Triumph’s main courses careen over the culinary landscape like Mr. Toad’s jalopy, with nearly every stop worthwhile. Risotto is creamy and satisfyingly chewy, its tender pearls of rice coated with a seafood-tomato stock and studded with shrimp and shards of sweet blue crabmeat. A bone-in “cowboy” rib steak is thick, beefy, and tender. It arrives with a swirl of cabernet-shallot reduction and glistening with a dollop of Gorgonzola-rosemary butter. With it, too, comes a smooth blend of roasted garlic and butter that contains some mashed potatoes. Wow. These are extraordinarily rich, exquisite potatoes. The “Far East” in the fish and chips consists of a couple of dips, both very good. One is a wasabi-spiked aioli, the other a savory ginger-soy sauce. Both add considerably to the charm of tempura-battered sole fillets, crispy and golden, resting on a big mound of house-made fries. The same pair of delectable dips comes with an appetizer of flash-fried asparagus.

A bath of truffle oil is splashed over fettuccine that’s tossed with spinach, slices of grilled chicken breast, and juicy wild mushrooms, all served in a roasted garlic cream sauce. Few Italian eateries in town could do a better job with pasta. Lasagna is offered, noodles laced between layers of squash, portobello mushrooms, and spinach, along with hefty gobs of melted cheese and a roasted tomato sauce.

Sandwiches we sampled were average at best. A Reuben without a healthy slather of Thousand Island? It’s like Easy Rider without the ride. The house-made corned beef was good, so too the grilled pumpernickel. But the sandwich was too dry. The Daytona, pulled chicken breast in a spicy sauce with crumbles of bleu cheese and pickled red onions on toasted brioche, was slightly better. Best bet for the sandwichly inclined: hickory-smoked shrimp, with crisscrossed rashers of brown-sugar-crusted bacon, lettuce, and tomatoes, on toasted whole-grain bread with a piquant, sweet chili-mayo dressing. We don’t get paid enough to have tried the “Elvis,” a Frankensteinian pastiche of peanut butter (“organic”—like the King ate organic) and sliced bananas (“nanners,” as Ebbis would’ve put it) on grilled “Pullman” bread. (The last item is a bit precious: It’s an old name for plain old sandwich bread of the sort that builds strong bodies eight ways.)

Desserts are cleverly, diabolically presented. A wire rack is loaded with aperitif glasses filled with cheesecakes, chocolaty slurries with crumbles of cookies on top, bread pudding, and the like, and your waiter drops it at the table. Pass or eat what you want. We did. Eat, that is. And didn’t regret it. The sizes, about three bites per glass, are a civilized way to finish dinner.
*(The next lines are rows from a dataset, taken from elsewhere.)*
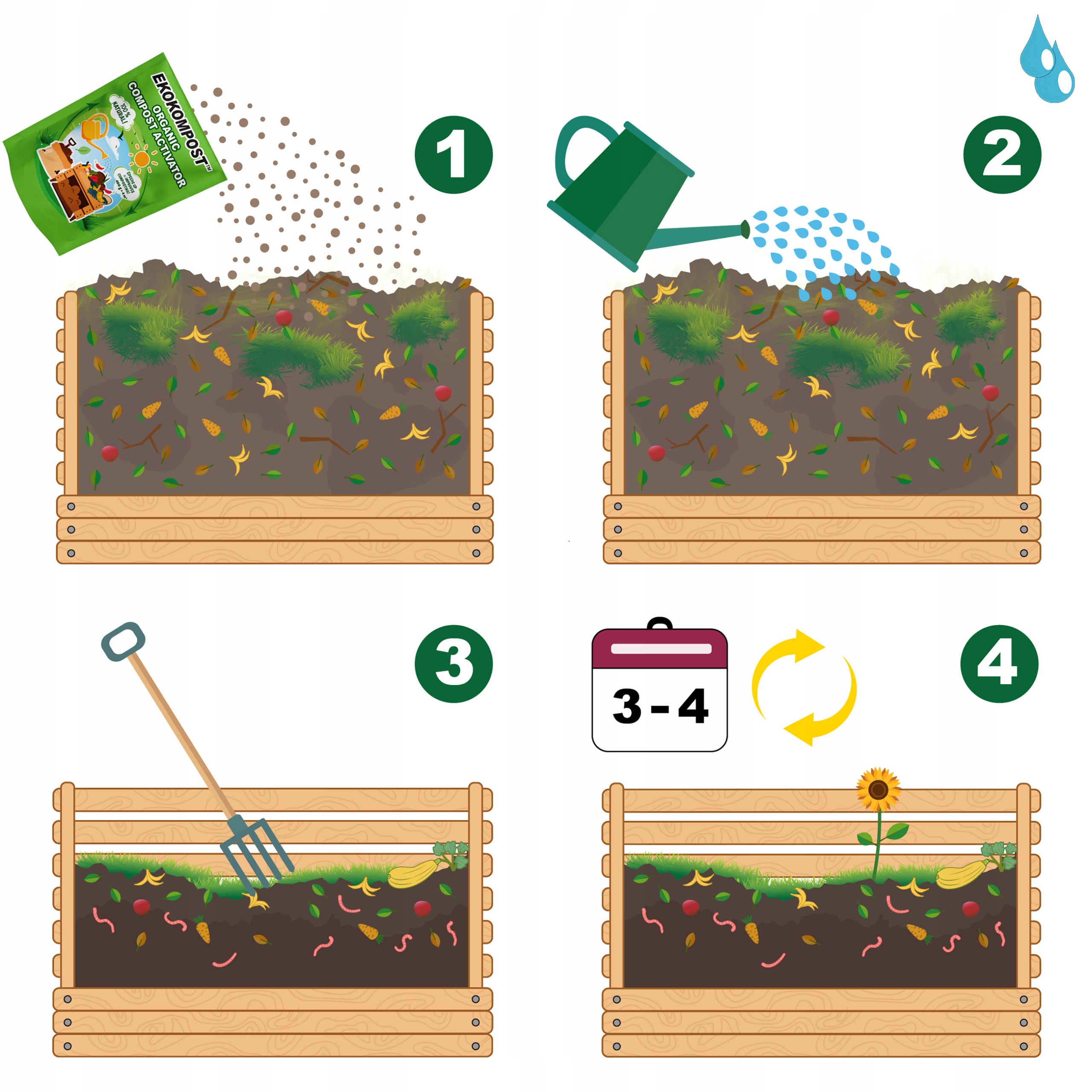 1⃣ разбрызгивает компостер Ekocompost ™ (100 г на 1 м³ компоста). Готовый!
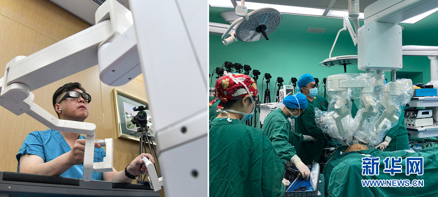 左圖:9月24日,在青島大學附屬醫(yī)院,醫(yī)院副院長、教授牛海濤使用新一代國產原研手術機器人——“妙手”為貴州省安順市的患者實施超遠程手術。新華社記者 李賀 攝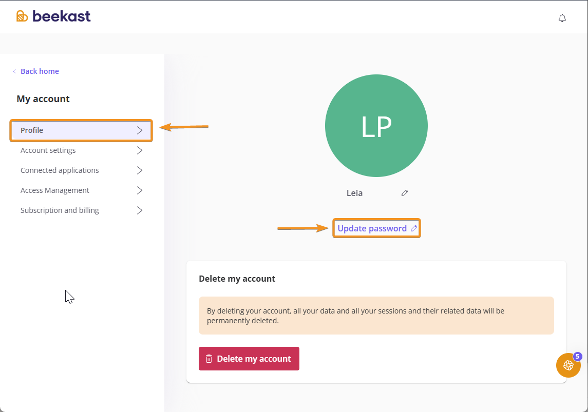 Change or reset my Beekast password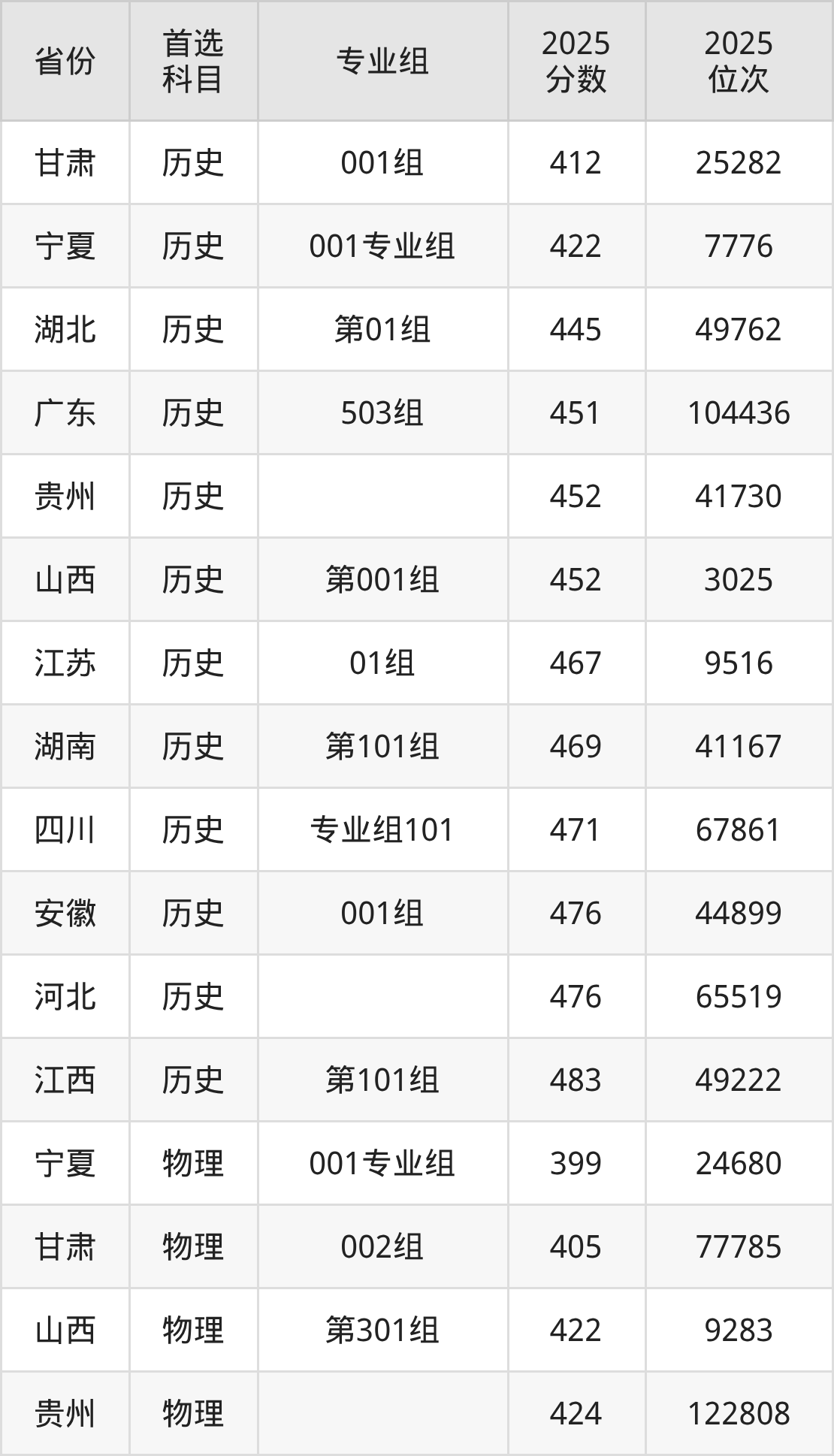 历史类最低分对应地区为甘肃(001组),录取位次为25282,超专科线252分;最高分对应地区为江西(第101组),录取位次为49222,超专科线193分。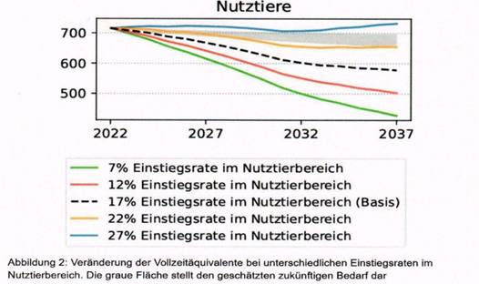 Die obige Grafik veranschaulicht die Entwicklungen bei unterschiedlichen angenommenen Einstiegsraten im Nutztierbereich. Sie zeigt, dass mindestens eine Einstiegsrate von 22 Prozent benötigt wird, um den Bedarf zu decken.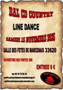 Le Samedi 15 Novembre 2025, Bal Country Line Dance cd chez *Spirit Country Club *, à 20h00, Salle des Fêtes de Marcenais (33620), Gironde.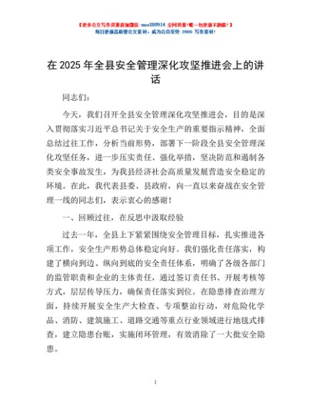 / 在2025年全县安全管理深化攻坚推进会上的讲话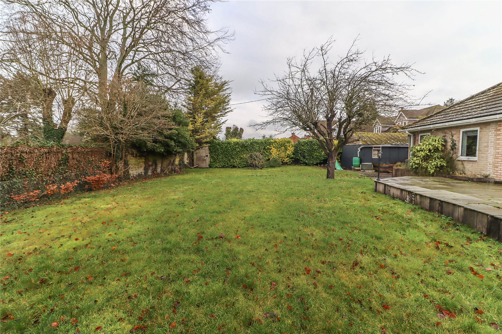 Rear Garden Raised Sandstone terrace over vertical sleeper sides ideal for barbeques and entertaining, stepping down onto a good sized level lawn well, enclosed by hedging and fencing. Mature apple tree, raised vegetable beds extend behind the garage. Further raised planters for shrubs and herbs by composite deck outside utility. Outside lights and tap.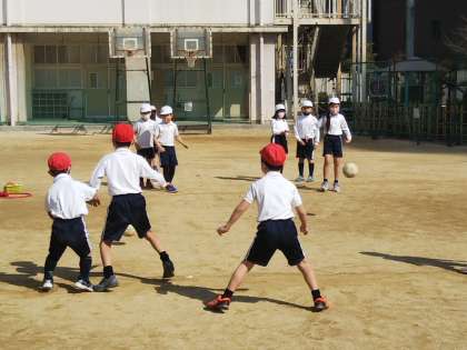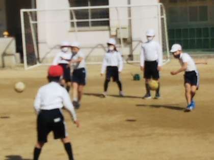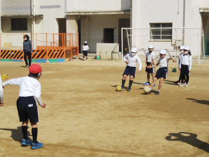 2年生のボールけりゲームです。3人が守るゴールをシュートで通すことができるでしょうか?というゲームです。

The wine list here gets the job done. The selection is wide, with an emphasis on simple, honest taste, like the fine Ravenswood Lodi zinfandel. Draw a line east from the San Francisco Bay Area, and it’ll cut right across the Ravenswood vineyards in Lodi. That means cool afternoon ocean breezes and moderate summers; the zin grapes grow fat and juicy, making the supple, jammy Ravenswood wines always worthwhile. The Solaire cabernet Bobby Mondavi introduced last year is loaded with berries and vanilla oak. Both these wines are good choices with many of the meat and pasta dishes here. If you’re going with the herb-grilled salmon or the fish and chips, or if you just think it’s cool to sip a white wine, go with the Clean Slate Riesling, snappy-crisp and mineral-spiked, or the superb Toasted Head chardonnay, mellow with hints of butterscotch and mangoes, plus a finish longer than the NBA playoffs and much more interesting.

Service here is friendly, competent, and efficient. On the wickedly busy night we visited, appetizers appeared swiftly; the entire meal was managed with aplomb and skill, and we watched one rude party unhappy with their table location be reseated with what seemed like effortless grace. Triumph is an inventive place, both in its food and atmosphere—and in that really fun motorcycle museum that comes with every meal.

The Bottom Line: The best restaurant/motorcycle museum in the immediate area; the ambience is stylish, the food excellent.

Address: 3419 Olive
Phone: 314-446-1801
Website: triumphgrill.com
Hours: Lunch and dinner Mon-Sat; Dinner only, Sun
Average Main Course: $16 (with lower prices for reduced-size portions)
Reservations: Roger that
Dress: Leathers? Uh, no. Just go for “nice.”